During the war we tried to stay inside as much as possible. My grandfather brought us food. There was a 6 P.M. curfew. Some days I needed to make a two-hour walk one way to Santiago Texacuango to buy materials for making the textiles. I never used main roads but went through fields and back roads.
At age nineteen I fell in love. He was not any man; he was a very special man. He was a musician who played saxophone in a Santa Tecla band. We lived together, and at 21 I had my first child. We had four children – three sons and one daughter. One of our sons inherited his father’s musical talent and also played saxophone. He was a very good son. But he died during the war. It is very painful for me to tell this. The army came one day and took two of our sons from our house and killed them. They were only 17 and 19 years old. Five other young men in our town were taken the same day. The army accused them of doing things they had not done. There was never any investigation of any of their deaths. It hurts to remember this because they were killed unjustly.
Losing my two sons and losing my grandma were the hardest times of my life. I didn’t have a strong bond with my own mother because she did not raise me so losing her was not as hard.
I have four grandchildren – 2 boys and 2 girls. I try to pass down some of the indigenous folk tales to them when I remember them. There is one about when the animals such as the hens disappear, the villagers blame the monkey as being the culprit; the villagers go find the monkey and set fire to it.
I see myself as a Pipil Indigenous person and try to carry on the traditions of the weaving through my craft. I teach classes here at this center four hours a day to both adults and to children. I enjoy teaching and have much patience. I began teaching here in 1978 to give my kids an education. My one daughter is a professional seamstress, and my son is a barber.
The director of this center takes me along with dancing groups into San Salvador and to other provinces across the country to demonstrate weaving at tourist expositions. We take our products along to sell. I enjoy that.

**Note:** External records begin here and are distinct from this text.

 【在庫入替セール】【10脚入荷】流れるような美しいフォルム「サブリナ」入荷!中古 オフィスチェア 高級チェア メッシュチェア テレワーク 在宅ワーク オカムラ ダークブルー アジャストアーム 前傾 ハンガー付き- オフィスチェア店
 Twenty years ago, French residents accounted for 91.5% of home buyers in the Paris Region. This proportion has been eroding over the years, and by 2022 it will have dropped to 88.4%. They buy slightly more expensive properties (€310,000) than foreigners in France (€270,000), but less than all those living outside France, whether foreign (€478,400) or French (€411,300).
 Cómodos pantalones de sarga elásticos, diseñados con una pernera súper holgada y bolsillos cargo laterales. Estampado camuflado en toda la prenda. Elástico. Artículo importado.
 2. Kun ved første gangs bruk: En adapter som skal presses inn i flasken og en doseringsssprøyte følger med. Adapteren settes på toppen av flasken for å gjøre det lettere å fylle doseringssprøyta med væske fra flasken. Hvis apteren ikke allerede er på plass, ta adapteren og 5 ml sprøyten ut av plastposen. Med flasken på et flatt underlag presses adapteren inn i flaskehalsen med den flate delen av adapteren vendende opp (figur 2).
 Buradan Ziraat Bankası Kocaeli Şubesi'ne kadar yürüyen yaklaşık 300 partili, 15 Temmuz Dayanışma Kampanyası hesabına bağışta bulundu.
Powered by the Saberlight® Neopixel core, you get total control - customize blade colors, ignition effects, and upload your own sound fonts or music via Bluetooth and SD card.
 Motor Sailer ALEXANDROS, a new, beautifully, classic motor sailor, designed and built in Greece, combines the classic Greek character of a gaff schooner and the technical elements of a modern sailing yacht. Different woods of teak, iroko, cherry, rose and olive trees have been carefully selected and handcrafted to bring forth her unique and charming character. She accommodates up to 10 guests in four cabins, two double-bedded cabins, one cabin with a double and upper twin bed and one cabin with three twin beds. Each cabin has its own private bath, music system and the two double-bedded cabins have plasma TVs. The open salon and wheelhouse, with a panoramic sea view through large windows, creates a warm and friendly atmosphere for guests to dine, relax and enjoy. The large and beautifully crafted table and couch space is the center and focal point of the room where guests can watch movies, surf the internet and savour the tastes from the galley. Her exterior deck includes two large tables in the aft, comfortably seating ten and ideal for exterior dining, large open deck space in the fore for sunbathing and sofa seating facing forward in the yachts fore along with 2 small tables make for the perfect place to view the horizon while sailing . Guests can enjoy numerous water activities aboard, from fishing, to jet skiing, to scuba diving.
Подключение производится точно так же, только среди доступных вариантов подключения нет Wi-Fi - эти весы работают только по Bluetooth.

My life consists of work. That is all I’ve ever known. When I retire, I guess I will spend more time with my family.
Editor’s Note: At this point in our interview we are being surrounded by women who are visibly agitated. We ask our translator to find out what is wrong. It seems they have been waiting for Claudia’s weaving class to begin for over 30 minutes. They drove 1½ hours to attend it. We apologize for the scheduling conflict and quickly depart.
We will try to return to this picturesque little town famous for its colonial style church (over 200 years old) which we somehow missed altogether. The town is also known for its lavish celebrations around its patron saint day, May 1st, and around Easter when the people decorate with flowery palms and wear traditional colorful hand-woven textiles and observe traditional customs. Yes, we need to return.